Gorgeous dog! And awesome photos  I've never heard a dog talk like that before lol!


----------



## Dragonfly-bk (Sep 6, 2013)

*taquitos *, thank you!


----------



## Kayota (Aug 14, 2009)

She is adorable! She almost looks fake in that last pic... haha. My BC/husky mix I had as a kid made those noises too... She was an outside dog and she'd stand at the door doing it lol


----------



## Dragonfly-bk (Sep 6, 2013)

*Kayota*, thank you! 
We made new video about my dog Dragonfly. There are a lot of new tricks and she is so cute!
http://www.youtube.com/watch?v=giML86ekNto


----------



## Dragonfly-bk (Sep 6, 2013)




----------



## Dragonfly-bk (Sep 6, 2013)




----------



## SnapV (May 14, 2013)

OMG I love Dragonfly! That video was amazing 

How old is she exactly?


----------



## Abbylynn (Jul 7, 2011)

Loved the video! Dragonfly is absolutely beautiful .... and smart!  I love your photos also .... gorgeous. The one with all the Border Collies is awesome!

I also love real dragonflies. What a unique name!



Dragonfly-bk said:


>


Gorgeous!!!


----------



## Dragonfly-bk (Sep 6, 2013)

*SnapV* , thank you. She is 2 years and 3 months

*Abbylynn *Thank you so mush ! I'm happy. To make this video was really difficult


----------



## Dragonfly-bk (Sep 6, 2013)

Dragonfly with best friend


----------



## Dragonfly-bk (Sep 6, 2013)




----------



## Dragonfly-bk (Sep 6, 2013)




----------



## Dragonfly-bk (Sep 6, 2013)

3 years ago I saw a video with NanaBorderCollie at 1st time. And I was really surprised. I have never seen border collies before and tricks like this. The dog was dancing, put her toys in a box and made a lot of other tricks. It was fantastic and I I thought that someday I will have a dog like this.
One year later I have got a puppy and it was really difficult, because I did not know anything about dog training and dog sports. 
But we did a great work: visited a lot of trainings and competitions.

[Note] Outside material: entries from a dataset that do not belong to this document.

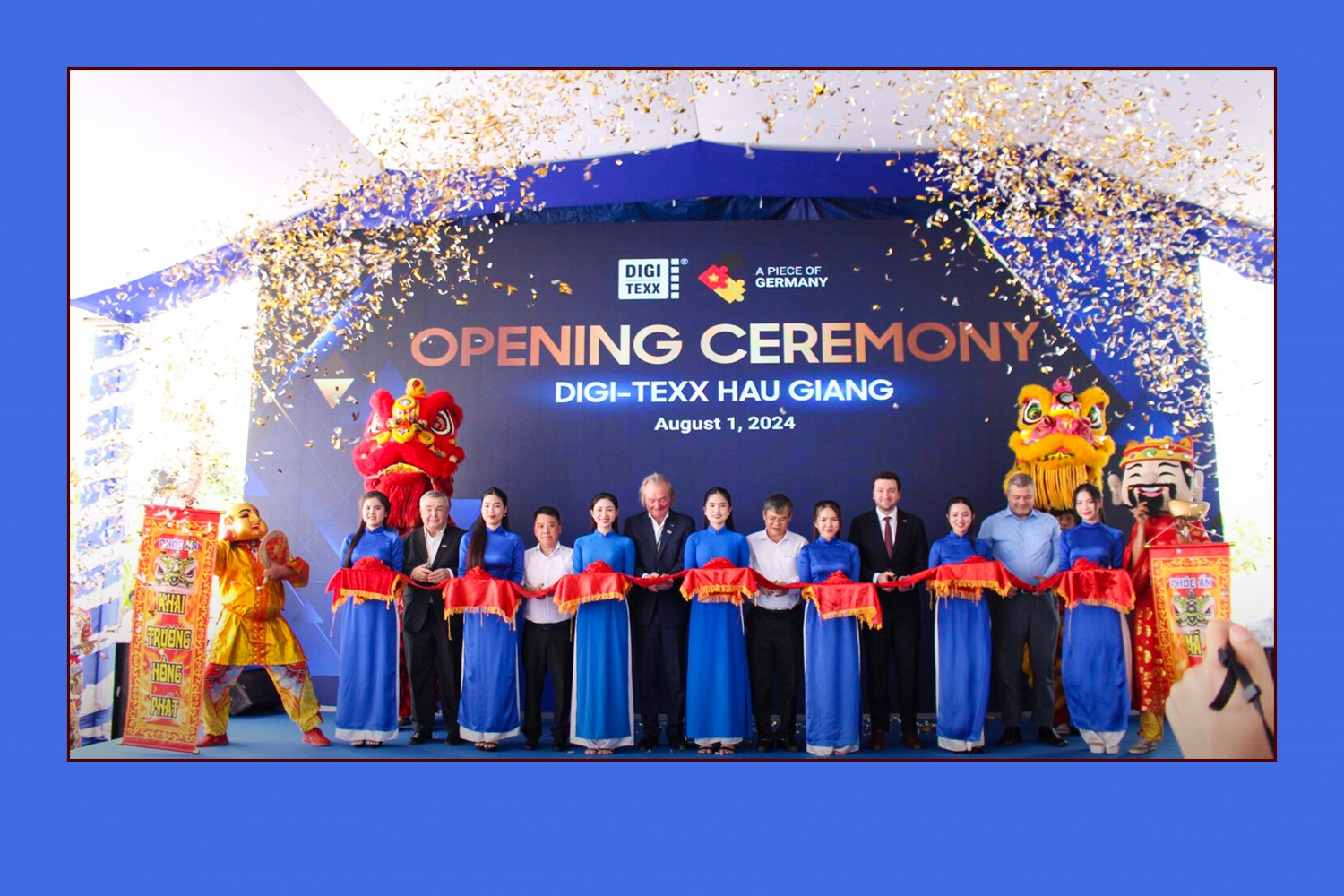 Đại biểu thực hiện nghi thức cắt băng khai trương Digi – Texx Hậu Giang, khu công nghệ số Hậu Giang, tháng 01/2024. Nguồn: Bảo tàng Hậu Giang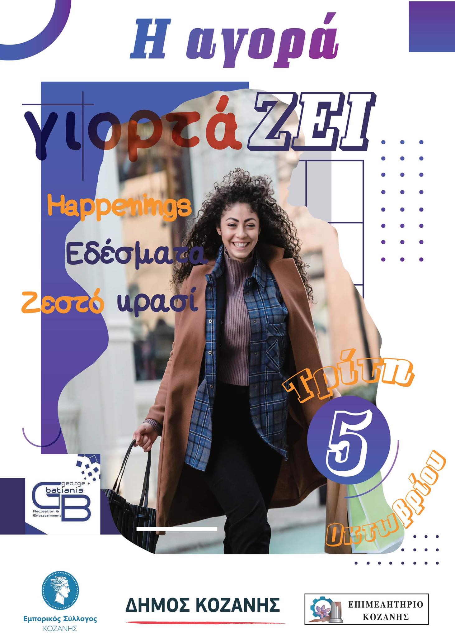 "Η Κοζάνη γιορτάΖΕΙ" τιτλοφορήθηκε η πρωτοβουλία του Εμπορικού Συλλόγου Κοζάνης, που υποστηρίχθηκε από το Δήμο Κοζάνης και το Επιμελητήριο Κοζάνης, με στόχο την ενίσχυση της αγοραστικής κίνησης.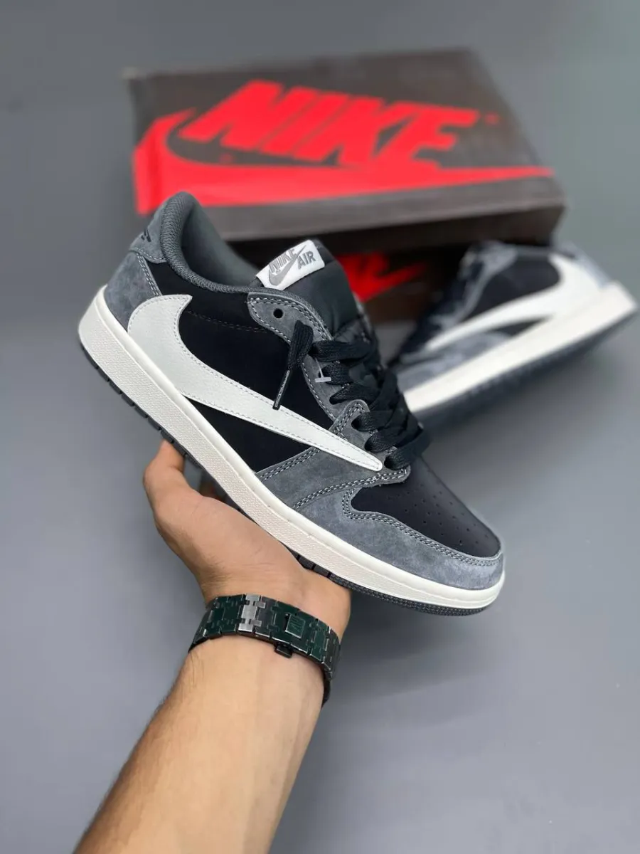 کتونی نایکی جردن 1 لـو ترویس اسکات خاکستری، سایهای از استایل خیابونی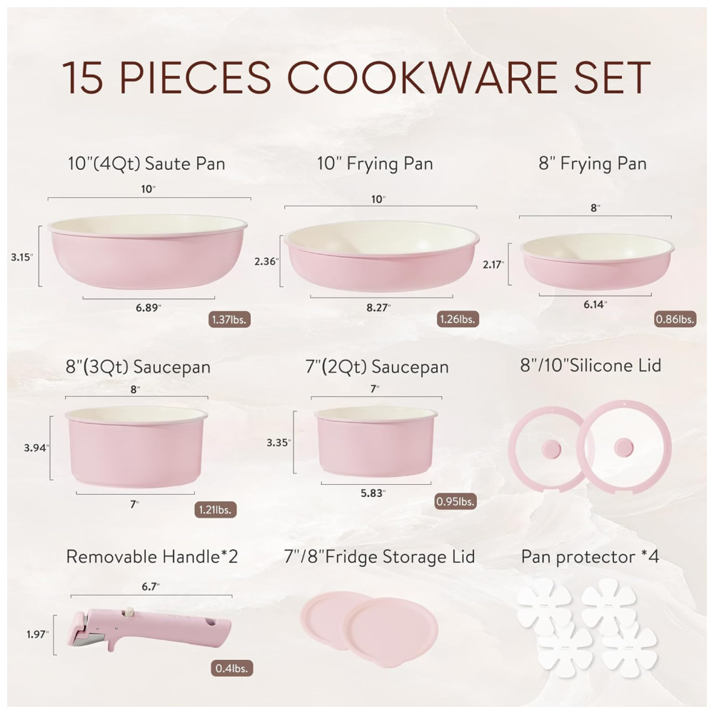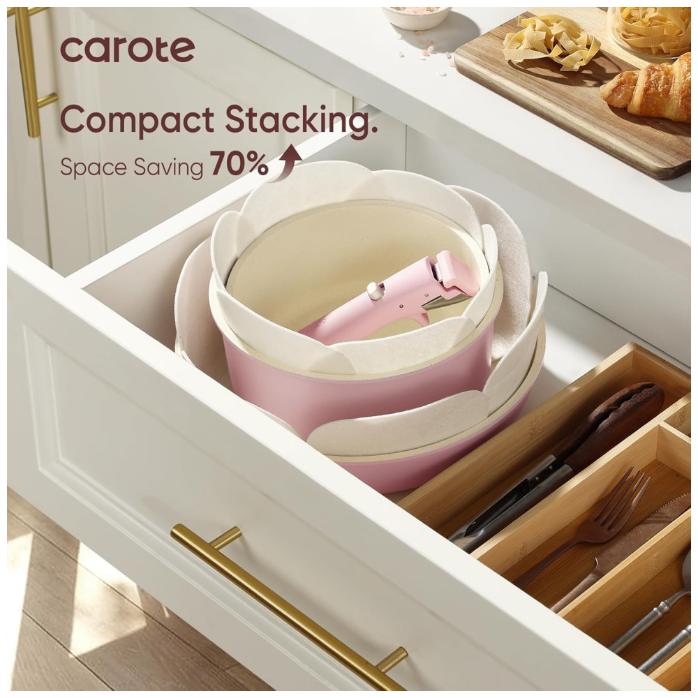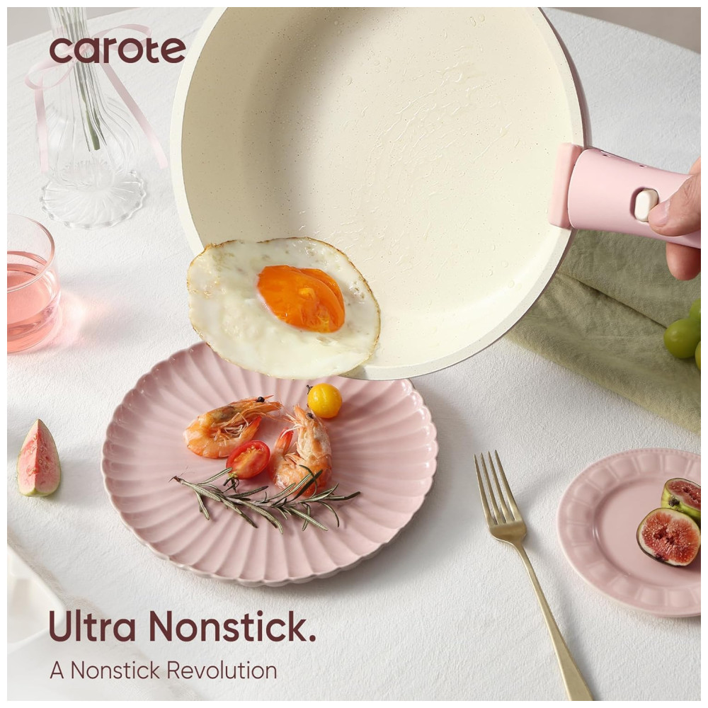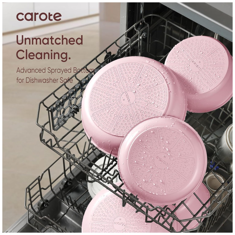 Jogo de Panelas e Frigideiras Antiaderentes em Granito com 11 Peças e Cabo Removível CAROTE Rosa

Now I am very proud of my dog and we have our own videos with super tricks.


----------



## Dragonfly-bk (Sep 6, 2013)




----------



## Dragonfly-bk (Sep 6, 2013)




----------



## Dragonfly-bk (Sep 6, 2013)

One more video with our friends: border collie Veni Vidi Vici (he is really cool in frisbee) and funny puppy Ingardia Voyager (Ru) .


----------



## Dragonfly-bk (Sep 6, 2013)

My husband And Dragonfly
http://www.youtube.com/watch?v=a8Gvw4cvzeo&feature=c4-overview&list=UUqrmZDfzCNdv1noOpUcNR8w


----------



## Abbylynn (Jul 7, 2011)

Dragonfly-bk said:


>



I love this photo! Sooo pretty!


----------



## Dragonfly-bk (Sep 6, 2013)

*Abbylynn*, Thank you!


----------



## BellaPup (Jul 7, 2007)

That was just awesome - thanks for sharing! What a beautiful girl!! 
Wish this browser would open more of your pics 

ETA: aah...there we go....they opened when I sent my reply (weird?)

Absolutely beautiful pics! She looks like a very sweet girl!


----------



## Whistlejacket (Jul 26, 2012)

She's gorgeous and I'm loving these videos!


----------



## Dragonfly-bk (Sep 6, 2013)

BellaPup, Whistlejacket , thank you!

We made new video about my dog Dragonfly and her friend border collie Askia. They look like sisters. And it is so fun to watch their antics.


----------



## Whistlejacket (Jul 26, 2012)

What a fun and original video! I liked the storyline. And beautiful, beautiful dogs!


----------



## Slartibartfast (Sep 29, 2011)

I love your videos. Your dog is beautiful and very smart. She looks like a lot of fun to play with.


----------



## Dragonfly-bk (Sep 6, 2013)

Whistlejacket, thank you! In childhood my husband dreamed of being a writer or a director.)))
Slartibartfast , thak you!


----------